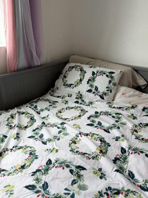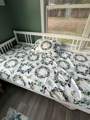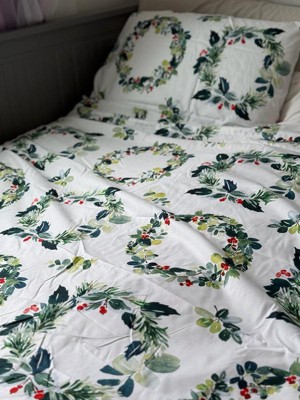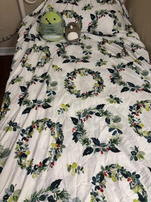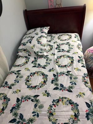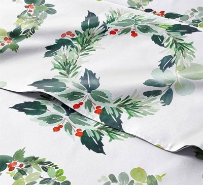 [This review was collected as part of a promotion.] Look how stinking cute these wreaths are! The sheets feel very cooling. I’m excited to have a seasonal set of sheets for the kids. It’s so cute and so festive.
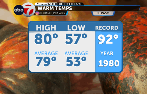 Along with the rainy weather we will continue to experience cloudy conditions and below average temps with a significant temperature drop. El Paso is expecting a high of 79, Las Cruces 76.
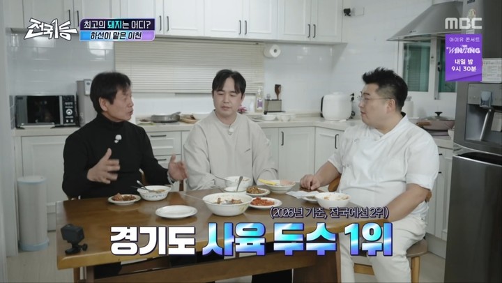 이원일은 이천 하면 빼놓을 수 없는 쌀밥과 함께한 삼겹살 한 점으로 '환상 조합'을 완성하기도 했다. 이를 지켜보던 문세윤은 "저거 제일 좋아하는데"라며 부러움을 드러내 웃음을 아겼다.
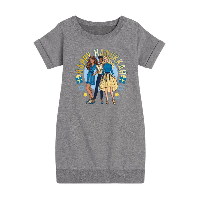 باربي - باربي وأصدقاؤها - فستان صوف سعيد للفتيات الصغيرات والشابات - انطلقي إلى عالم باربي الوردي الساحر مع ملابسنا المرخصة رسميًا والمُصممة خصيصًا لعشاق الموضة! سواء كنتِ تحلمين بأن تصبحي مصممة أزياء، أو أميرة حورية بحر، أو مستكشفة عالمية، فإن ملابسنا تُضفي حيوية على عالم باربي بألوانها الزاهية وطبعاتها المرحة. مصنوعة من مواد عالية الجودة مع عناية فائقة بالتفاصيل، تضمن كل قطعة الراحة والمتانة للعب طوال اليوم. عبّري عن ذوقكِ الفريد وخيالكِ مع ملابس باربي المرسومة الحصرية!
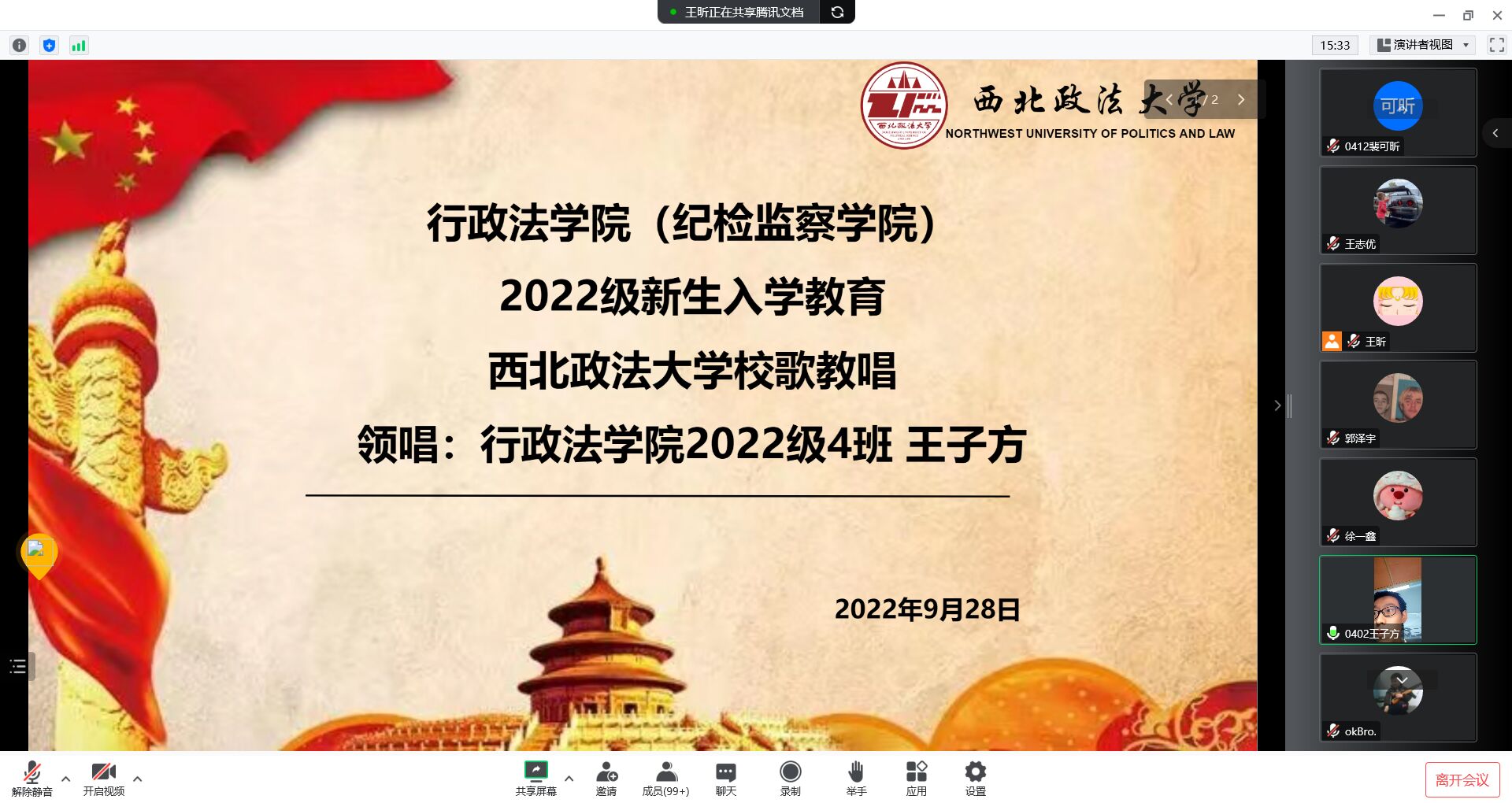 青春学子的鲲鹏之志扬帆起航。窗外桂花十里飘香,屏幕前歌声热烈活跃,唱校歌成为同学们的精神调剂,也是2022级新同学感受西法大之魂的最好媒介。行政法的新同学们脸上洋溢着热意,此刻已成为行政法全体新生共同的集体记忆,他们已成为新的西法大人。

**AIM OF THE TASK:** From the first record to the last, print everything again exactly, without pictures.

**REPLY:**
 [This review was collected as part of a promotion.] Look how stinking cute these wreaths are! The sheets feel very cooling. I’m excited to have a seasonal set of sheets for the kids. It’s so cute and so festive.
 Along with the rainy weather we will continue to experience cloudy conditions and below average temps with a significant temperature drop. El Paso is expecting a high of 79, Las Cruces 76.
 이원일은 이천 하면 빼놓을 수 없는 쌀밥과 함께한 삼겹살 한 점으로 '환상 조합'을 완성하기도 했다. 이를 지켜보던 문세윤은 "저거 제일 좋아하는데"라며 부러움을 드러내 웃음을 아겼다.
 باربي - باربي وأصدقاؤها - فستان صوف سعيد للفتيات الصغيرات والشابات - انطلقي إلى عالم باربي الوردي الساحر مع ملابسنا المرخصة رسميًا والمُصممة خصيصًا لعشاق الموضة! سواء كنتِ تحلمين بأن تصبحي مصممة أزياء، أو أميرة حورية بحر، أو مستكشفة عالمية، فإن ملابسنا تُضفي حيوية على عالم باربي بألوانها الزاهية وطبعاتها المرحة. مصنوعة من مواد عالية الجودة مع عناية فائقة بالتفاصيل، تضمن كل قطعة الراحة والمتانة للعب طوال اليوم. عبّري عن ذوقكِ الفريد وخيالكِ مع ملابس باربي المرسومة الحصرية!
 青春学子的鲲鹏之志扬帆起航。窗外桂花十里飘香,屏幕前歌声热烈活跃,唱校歌成为同学们的精神调剂,也是2022级新同学感受西法大之魂的最好媒介。行政法的新同学们脸上洋溢着热意,此刻已成为行政法全体新生共同的集体记忆,他们已成为新的西法大人。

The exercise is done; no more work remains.